CMSC 341 Spring 2011
Project 4

Assigned

Tuesday, April 26, 2011

Due

11:59 pm on Wednesday May 11, 2011

Update

Wed. May 3, 2011

1.      The format of the sample output is a suggestion, you do NOT have to literally follow it.

If you choose to use your own format, please be sure to 1) report all required content

And 2) print in a way that is readable by OTHERS.

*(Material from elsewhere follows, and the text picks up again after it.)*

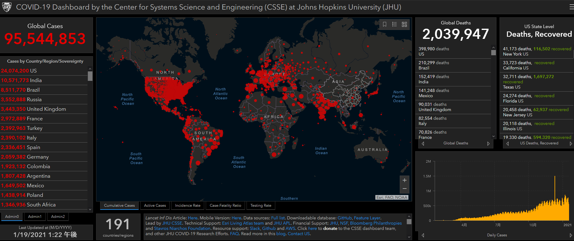 ジョンズホプキンス大のHPで確認出来る統計データを見ると、

2.      See insertions (in read) in the section of Statistics to be collected for clarification.

 

Objectives

The purpose of this project is to give you some exposure to Hash Tables (HT) through a simple application that determines the frequencies of words appearing in a collection of text paragraphs. Time performance of HT operations will also be examined.


Description and Tasks

Word frequency analysis has many applications. For example, it can provide guidance for learning English (learn the 4000 most frequent words first). It can and help to determine if two text documents were written by the same person (compare the word frequency distributions of the two documents). In this project, you are asked to compute the frequencies of words appearing in a collection of text paragraphs using hash tables. These paragraphs, read from a text file, referred to as input file in this description, will first undergo some pre-processing in which punctuations and other special symbols will be removed and all capital letters changed to lower cases. Since some words, called stop words, such as articles, prepositions, pronouns, occur frequently but are not of great interest in many applications, they will be excluded from the word frequency calculation in this project. The list of words that are to be excluded is given in another text file, referred to as exclusion file. Words, after pre-processing, will first be checked against exclusion file. Those that are not excluded are inserted into a HT, and if a word is already in the table, its occurrence count will be increment by 1. HT is selected as the data structure because find and insert operations of HT are of O(1) time complexity, as long as the load factor is low. When the load factor for the current HT becomes too high, rehash shall occur and the size of the hash table is doubled. The process continues until all words in the input file are processed. You will also collect some statistics related to time performance.


Below are the specifics.

Pre-processing
A text paragraph, such as a news story from wire services or texts from web, often contains punctuations (e.g. , ; . ? ! "), special symbols (e.g, @ $ % -), and numerals (0, ..., 9). This pre-processing is to remove all such symbols from the text read from input file. Specifically, all symbol other than space and those in {A ,..., Z, a, ..., z} shall be removed. In addition, all capital cases are converted to lower cases. After the process, a text paragraph becomes a collection of sequences of lower case characters "a" through "z". We call such a sequence of characters a word. For example, the following paragraph

RALEIGH, N.C. – Rescue crews searched for survivors in wind-blasted landscapes Sunday in North Carolina. The spring storm, North Carolina's deadliest in two decades, spun off 62 tornadoes in that state alone Saturday night.

becomes

raleigh nc rescue crews searched for survivors in windblasted landscapes sunday in north carolina the spring storm north carolinas deadliest in two decades spun off tornadoes in that state alone saturday night

after this pre-processing. Note that string “62” is completely removed, and that strings “carolina” and “carolinas” are considered two distinct words in this project (more sophisticated pre-processor can remove the letter “s” from “carolinas”, thus making the two the same). 

 

Exclusion file

This file contains a list of words that are to be excluded from frequency analysis. They include articles, prepositions, pronouns and some others. Words in this file are also sequences of lower case characters a, …, z, separated by space(s).

 

Word frequency

The frequency of a word in the collection of texts is computed as the ratio of the number of occurrences of that word in the collection and the total number of occurrences of all words in the collection.  Here the collection of text should be understood as the input file after the pre-processing and having all excluded words removed.

Hash tables

Since every word read and pre-processed will be checked against the list of words in exclusion file before inserting into HT, it is more efficient if we store those excluded words in a hash table as well. Therefore, you will build two hash tables, one, HT0, to hold the words from the exclusion file, and another, HT1, for the rest of words read from the text.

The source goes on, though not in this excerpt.